Maxim Integrated Products' MAX78000 Ultra-low power neural network microcontroller uses Xailient's proprietary Detectum neural network to detect and locate faces in video and images. Xailient's neural network consumes 250 times less power than traditional embedded solutions (only 280 microjoules). Every 12 milliseconds of reasoning, the network performs in real time, faster than the most efficient edge face detection solutions.
These apps use a low-power "listen" mode and then wake up a more complex system when a face is detected.
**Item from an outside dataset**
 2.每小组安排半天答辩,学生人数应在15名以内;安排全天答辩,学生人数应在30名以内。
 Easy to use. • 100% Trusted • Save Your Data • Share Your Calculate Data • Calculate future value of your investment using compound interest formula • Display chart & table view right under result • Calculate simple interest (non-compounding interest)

The company's microcontrollers are paired with Xailient's neural network to improve the overall power efficiency and battery life of the edge/cloud hybrid application.
Xailient's Detectum neural network, which includes focus, zoom and visual wake word technologies, detects and locates faces in video and images 76 times faster and with similar or higher accuracy than traditional software solutions. In addition, flexible networks can be extended to applications beyond facial recognition, such as livestock inventory and monitoring, parking space occupancy, and stock water equality.
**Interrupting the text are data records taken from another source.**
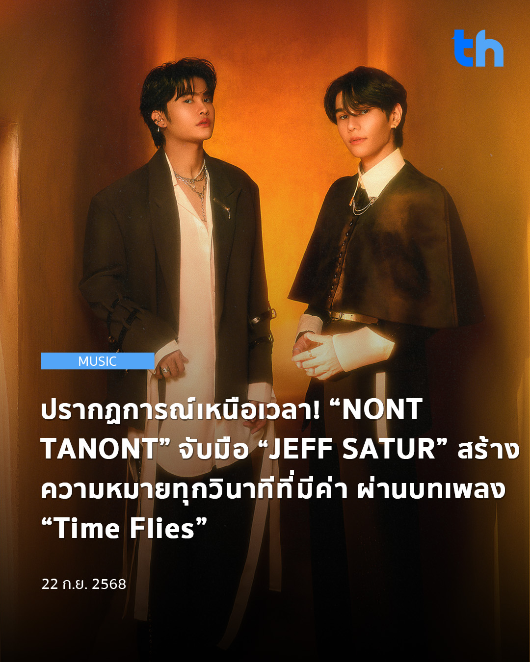 ครั้งนี้ “NONT TANONT” โคจรมาพบกับ “Jeff Satur” ศิลปินมากความสามารถเพื่อสร้างเฉดใหม่ผ่านบทเพลง “Time Flies” การร่วมงานที่ถูกขนานนามว่า เหนือปรากฏการณ์ เพราะสามารถหลอมรวมเอกลักษณ์ทางดนตรีและพลังเสียงของทั้งคู่ให้ออกมาลึกซึ้ง กินใจ และตราตรึงในทุกวินาที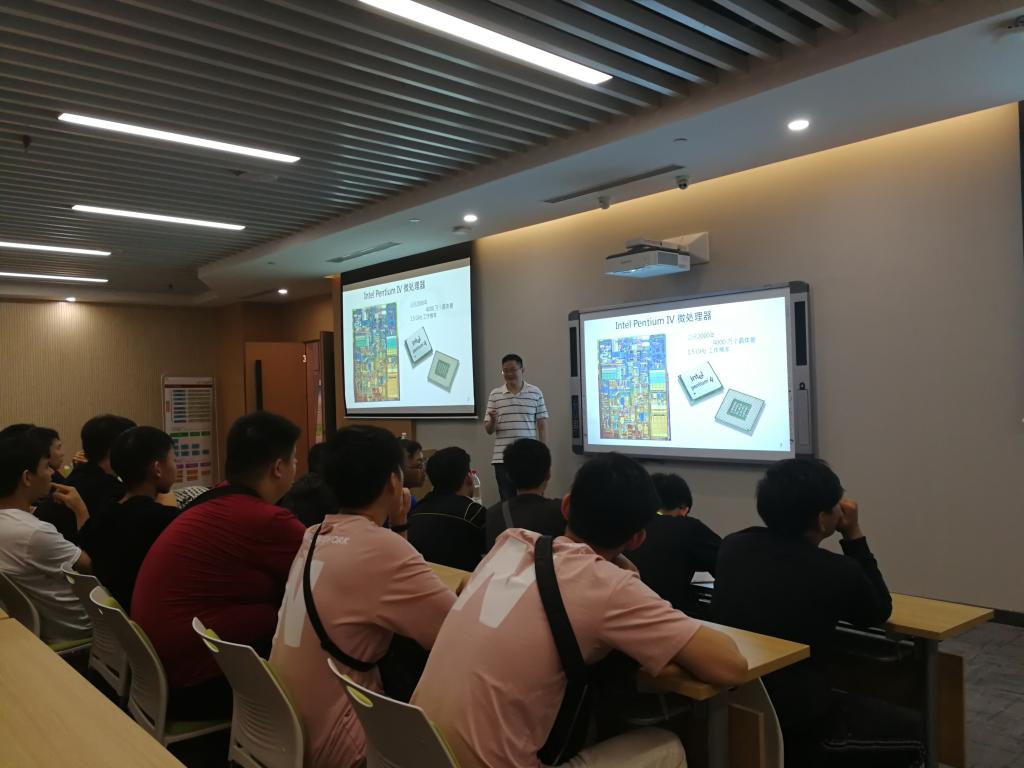 在参观过程中,重庆两江半导体研究院战略合作部主任吴茂琴和战略合作部经理谢诗杰简单介绍了公司发展情况。随后,集成电路学院常务副经理赵汝法博士在技术孵化中心详细讲解了公司的设计开发平台,以及在芯片设计、芯片应用等方面取得的成果和研究进展,主要介绍了SOC系统,FPGA智能硬件,以及依靠专用芯片打造的智能安防、卫星信号接收模块、智能交通等方面特色产品。职工就芯片应用技术与赵博士进行了广泛交流,意犹未尽,因此赵博士还专门给职工们讲解了芯片的发展历史和微电方面的新技术展望。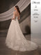 Stretch crepe strapless scoop neck corset bodice fit & flare gown with 3D floral applique & train.
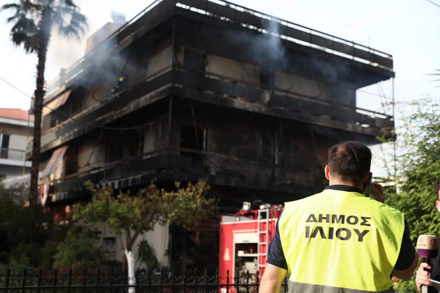 Στο σημείο επιχείρησαν 32 πυροσβέστες με 13 οχήματα και ειδικό κλιμακοφόρο όχημα.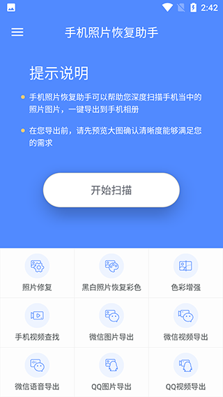 1、下载安装后打开软件进入首页,点击开始扫描即可开始扫描已经删除的图片。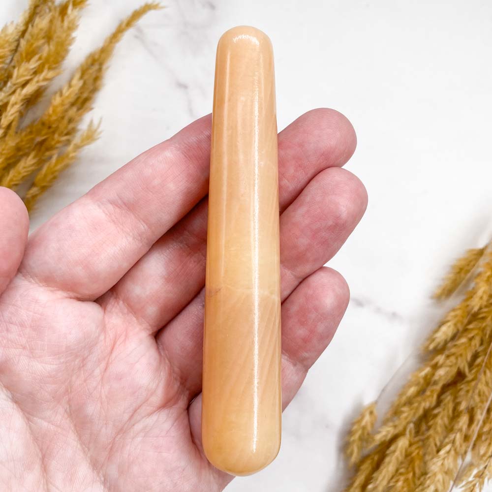 Считается, что оранжевый или «золотистый» кальцит укрепляет волю, помогает быстро погрузиться в любой процесс, будь то медитация или новый рабочий проект. И есть у него наиболее интересное и желанное свойство, которое одна знакомый литотерапевт сформулировала как: "Камень очень надо!" Т.е. нужно визуализировать вещь, мечту, которую хотите получить, ждать, а потом Вселенная поможет это получить максимально быстро и легко.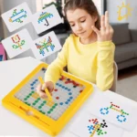 A fun, mess-free doodle board with a magnetic pen and beads. Great for toddlers and kids to create colorful designs, develop fine motor skills, and enjoy screen-free play at home or on the go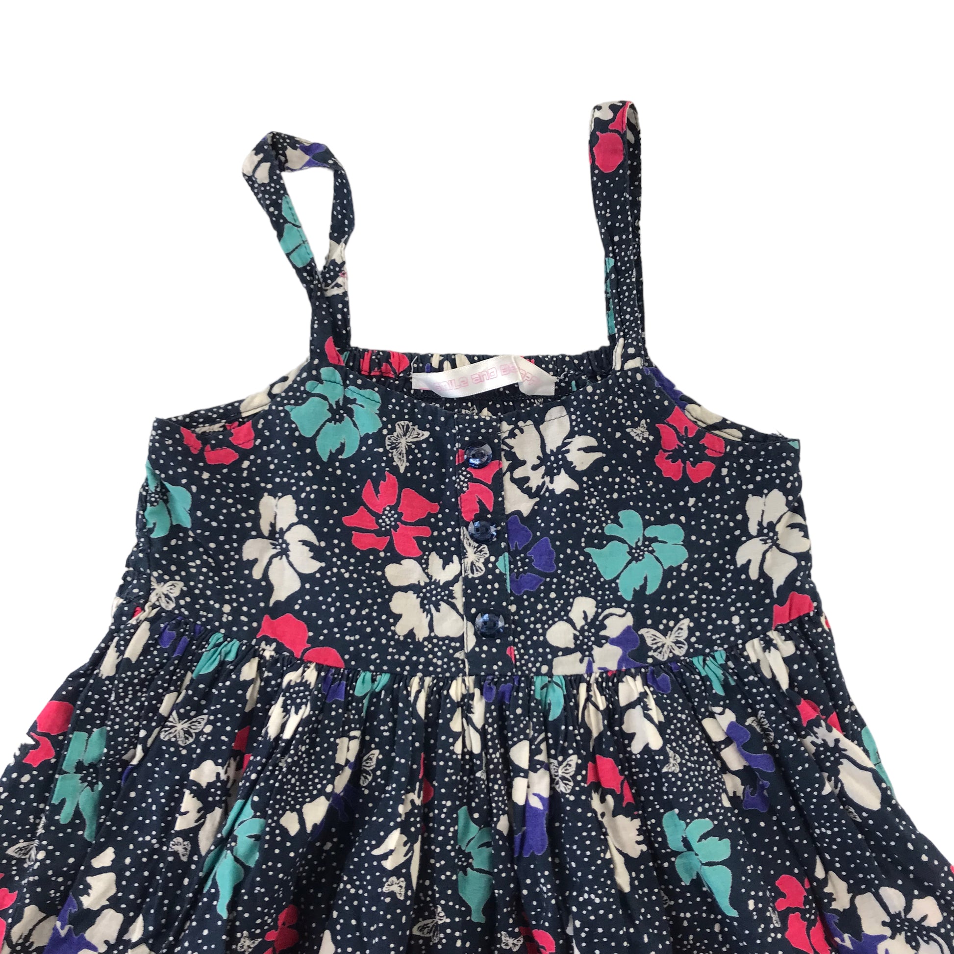Matalan Dress Age 4 Navy Blue Floral Print Pattern Cotton

"Xailient Detectum Neural network, the MAX78000 is able to classify and localize, in addition to seeing face images or videos, you can also determine the field of view of those face images," says Robert Muchsel of Maxim MAX78000 MICROcontroller integration and architect. "Advanced applications include counting people, vehicles and objects, presence or obstacle detection, as well as path mapping and pedestrian heat mapping."
"Ai is poised to become the second largest carbon emitting industry," said Dr. Shivy Yohanandan, CTO of Xailient and inventor of Xailient Detectum Neural network technology. "Replacing 14 traditional Internet protocol cameras using traditional cloud AI with edge-based cameras equipped with Maxim Integrated MAX78000 and Xailient neural network has the same carbon impact as taking a gasoline-powered car off the road."